Coroutine, as a powerful programming construct, is widely used in asynchronous applications to replace thread-based programming or the callback hell. Using coroutines makes code more readable and maintainable, for its ability to transfer control while keeping the literal scope. However, reasoning about coroutine behavior can be challenging without proper typing. We propose a type notation and calculus for composing asymmetric, first-class, stackless coroutines. Given the types of a list of coroutines, we can compute a composed type matching the collective behavior of the coroutines, so that the input and output can be type-checked by a type system. Our coroutine types can model the data received by or yielded from a coroutine, which be of coroutine types as well. On top of our type calculus, we discuss its soundness and evaluation issues, then provide four application scenarios of our coroutine types. Not only can our types be used in modern programming languages, such as Python, but also model program behaviors in OCaml and even Prolog.

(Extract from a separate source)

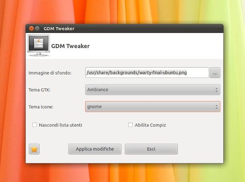 GDM Tweaker è un semplice tool con il quale possiamo personalizzare il nostro GDM cambiandone l’immagine dello sfondo, nascondere l’elenco di username, abilitare Compiz e cambiare l’icona della schermata di login o il tema GTK.

翻译：协程作为一种强大的编程构造，被广泛应用于异步应用中，以取代基于线程的编程或回调地狱。协程能够在保持字面作用域的同时转移控制权，从而使代码更具可读性和可维护性。然而，若无恰当的类型标注，对协程行为的推理将颇具挑战。我们提出了一种用于组合非对称、一等公民、无栈协程的类型表示法与演算系统。给定一组协程的类型，我们可以计算出与该协程集体行为匹配的组合类型，从而使得输入和输出能够通过类型系统进行类型检查。我们的协程类型能够对协程接收或产出的数据进行建模，这些数据本身也可以属于协程类型。基于我们的类型演算，我们讨论了其健全性与评估问题，并提供了协程类型的四种应用场景。我们的类型不仅可应用于现代编程语言（如Python），还能对OCaml乃至Prolog中的程序行为进行建模。